Bitcoin Price Prediction as New CoinShares Report Says BTC Could Hit $140,000 If This One Thing Happens – Here’s What You Need to Know

Arslan Butt
Last updated: | 3 min read

Bitcoin Recap

Despite the buzz around cryptocurrencies’ potential, Bitcoin (BTC), the world’s most valuable cryptocurrency, experienced a setback, slipping below the $37,000 threshold early Wednesday. This downturn coincides with significant industry news: Binance CEO Changpeng Zhao announced his resignation amidst allegations of involvement in money laundering activities, as reported by Iconomicom on Twitter.

This leadership shakeup at one of the largest crypto exchanges has sent ripples through the market, contributing to a 24-hour loss of 2.96 percent, bringing the global crypto market’s value to $1.38 trillion.

Amidst this turbulence, the cryptocurrency market faces a critical juncture. The earlier enthusiasm sparked by the potential approval of a Bitcoin Spot ETF has been tempered by increased regulatory scrutiny in the US.

This update delves into the complex dynamics at play, exploring the potential impact of a Spot Bitcoin ETF approval on institutional investment and the possibility of Bitcoin’s price surging to an unprecedented $140,000, as suggested by a recent CoinShares report.

Market Shaken: Binance’s Leadership Change and Legal Hurdles

The global cryptocurrency market has been experiencing a downturn, with prices flashing red, primarily due to a significant leadership change at Binance, one of the world’s largest cryptocurrency exchanges.

This shift follows allegations of money laundering against the company, which have led to a nearly 12% drop in the value of its native token, as highlighted in a recent tweet by Cryptomarkets.

This development, along with the ongoing crackdown on Kraken Exchange and the trial of FTX, has introduced a wave of uncertainty into an ecosystem that had been showing signs of much-needed optimism in recent weeks.

Spot Bitcoin ETF: Gateway to Institutional Investment and Price Boom?

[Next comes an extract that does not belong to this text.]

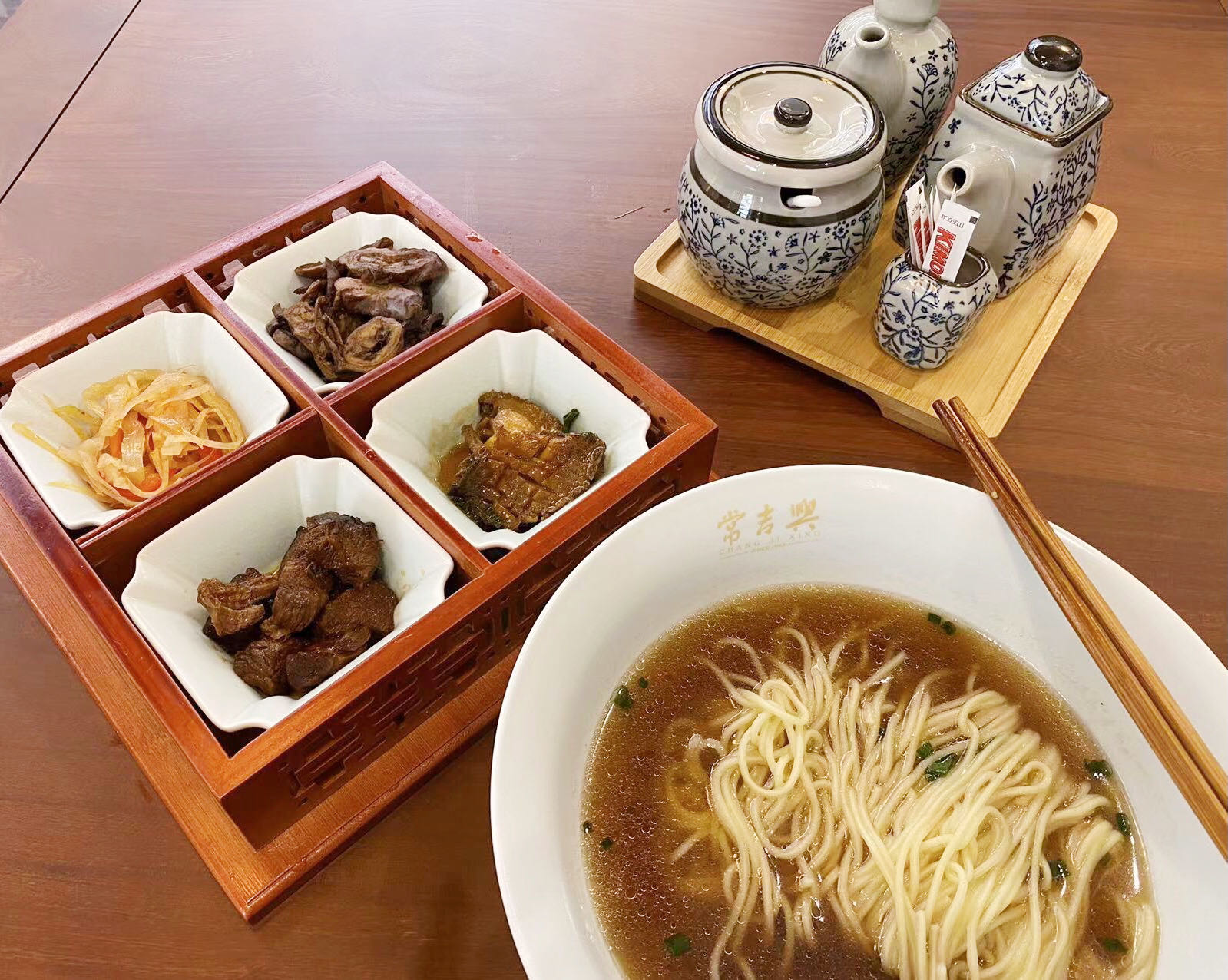 罗马常吉兴面馆全面继承常熟老字号常吉兴面馆风格,汤以“鲜”字当头,一锅熬制了12小时的厚汤集合大骨,火腿,鸡等食材,经过文火慢吊最终成就一碗鲜香浓郁,清而不浑的面汤。

A recent report from the head of research at CoinShares posits a compelling scenario: the approval of a spot Bitcoin exchange-traded fund (ETF) could attract approximately $14.4 billion in its first year alone.

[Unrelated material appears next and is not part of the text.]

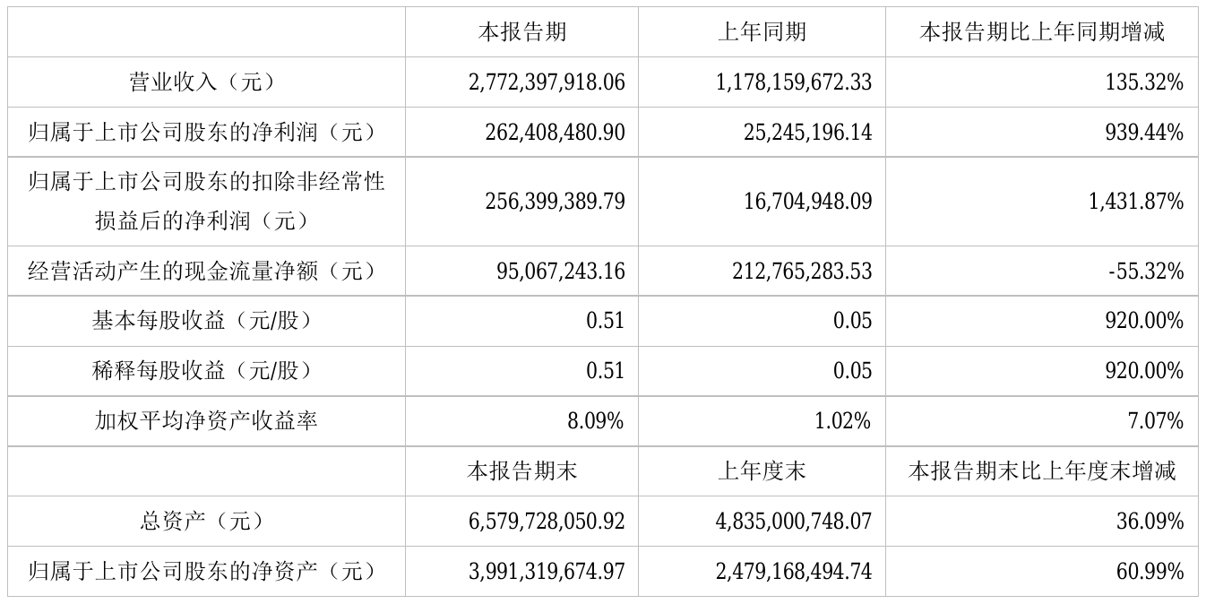 8月26日,道氏技术(300409)近日发布2021年半年度报告,报告期内营业收入2,772,397,918.06元,同比增加135.32%;净利262,408,480.90元,同比净利增加939.44%。

Such an endorsement might also propel Bitcoin’s price to an estimated $141,000 by the end of 2025, as discussed in a tweet by KoreMedia2.

The researcher anticipates that about 10% of the $14.4 trillion in available U.S. assets could be invested in a spot Bitcoin ETF, with an average allocation of 1%. With BlackRock, the world’s largest asset manager, nearing approval, the likelihood of these substantial investments seems increasingly plausible.

Moreover, the report suggests that if a Bitcoin ETF is approved, it could channel approximately $31.345 billion into Bitcoin, potentially elevating its price to $265,437.

This scenario underscores the growing institutional interest in finding a more accessible entry point into the Bitcoin market. The approval of an ETF could thus have a monumental impact.

Consequently, the potential green light for a Bitcoin ETF could catapult Bitcoin’s price to $265,437, reflecting significant institutional investment and a potentially transformative effect on Bitcoin’s market value.

Bitcoin Price Prediction

Bitcoin’s current performance remains in the spotlight as it experiences a 24-hour uptick in trading activity. The 2-hour chart offers an intricate view of short-term trends, highlighting key price levels for traders.

At present, Bitcoin faces immediate resistance at $38,000 , with the next hurdle at $38,700. On the downside, support is seen at $36,700, followed by $35,700.

Bitcoin Chart
Bitcoin Chart – Source: Tradingview

The Relative Strength Index (RSI) is closely watched; its position relative to 50 will determine sentiment. The 50-Day Exponential Moving Average (EMA) acts as a trend gauge, with a value above it suggesting bullishness.

In summary, Bitcoin’s overall trend hinges on key metrics, but the technical outlook leans toward cautious optimism. Testing immediate resistance levels in the near term is anticipated, contingent on evolving market conditions and actual metric values.